Monday, March 21, 2011

Become Debt Free in 2011

Become debt-free in 2011.  The first step in gaining control over your financial life is probably not what you think it is.  Most people think the first step is to obtain a copy of your credit report or to simply choose a debt and start paying.  Wrong!  The real first step has nothing to do with credit, debt or even money.  What you need to do is start with your relationship with your money.  There is no way that you will correct any problem in life if you still think the same way you did when you were creating the problem.  If you always think about how broke you are; if you are always having conversations with your loved ones about how broke you are; if you always feel terrible about how broke you are, YOU WILL CONTINUE TO BE BROKE!!!  Decide, once and for all, that you are prosperous.  From there, you will begin to think and do things that will have prosperous results.  Before you know it, you will be debt-free in 2011.  Visit www.1stChoiceFamily.com/Agent/QHarvelle to check out the "Debt Resolution" program.  You can even take the initiative to enroll yourself with our user-friendly "Self-Serve Wizard."  Welcome to the beginning of your financial freedom!

Monday, February 28, 2011

Are You on the Right Retirement Track?

When planning for retirement, you must consider several factors.  Here are a few:
  1. You must consider your age when you started saving. The higher your age when you begin, the more money you'll need to save in order to have the type of retirement income you need.  A 45 years old who just started saving money will need to save and invest more aggressively than a 25 year old. The reason is the 45 year old is closer to retirement than the 25 year old. Also, you must think about inflation and the cost of living increasing by the time you actually retire.
  2. How aggressively do you want to invest? Are you comfortable investing your money in riskier areas that may pay higher returns? Or do you feel better about the more stable investments with smaller returns? There must be a level of comfort with any investments made. There are many vehicles to choose from including stocks, bonds, mutual funds, IRA’s and life insurance products. No matter what, always know where your money’s going and what it’s doing.
  3.  Diversify your portfolio! Your financial professional should advise you to invest your money in yourself, in real estate, in securities, and also life insurance. Never place all your eggs in one basket. If that basket breaks, your nest egg may as well.

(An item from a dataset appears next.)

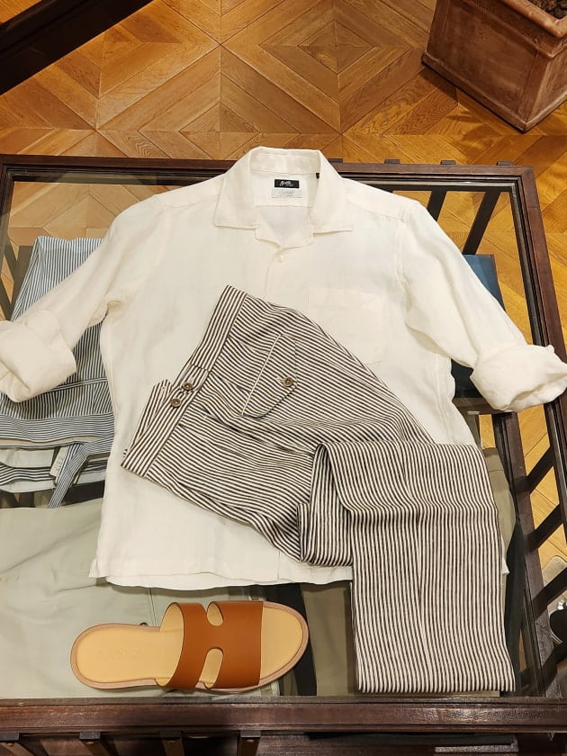 リネンシャツにワイドパンツ。イメージは海辺でコーヒーカップ片手に優雅に歩く様。海風でリネンシャツがなびいています。っていうシチュエーションがいいと思います。

Tuesday, February 15, 2011

PROTECTING YOUR INCOME

For hard-working adults, it is essential to protect your income.  It is especially important to do so if you have family members who depend on your income to survive.  If you have a spouse, a child or a dependent relative for whom you provide care, you should take measures to protect yourself [and them] against the unexpected.  Ask yourself this question: If something were to happen to me tomorrow, will my family be able to maintain their lifestyle without my income?  If the answer is no, act now!  Income protection can be fairly inexpensive so you don’t have to “break the bank”, so to speak.  Put measures in place now so that in the future you will be protected.  We will never know what to expect, but at least we can prepare ourselves for what we might need in the future.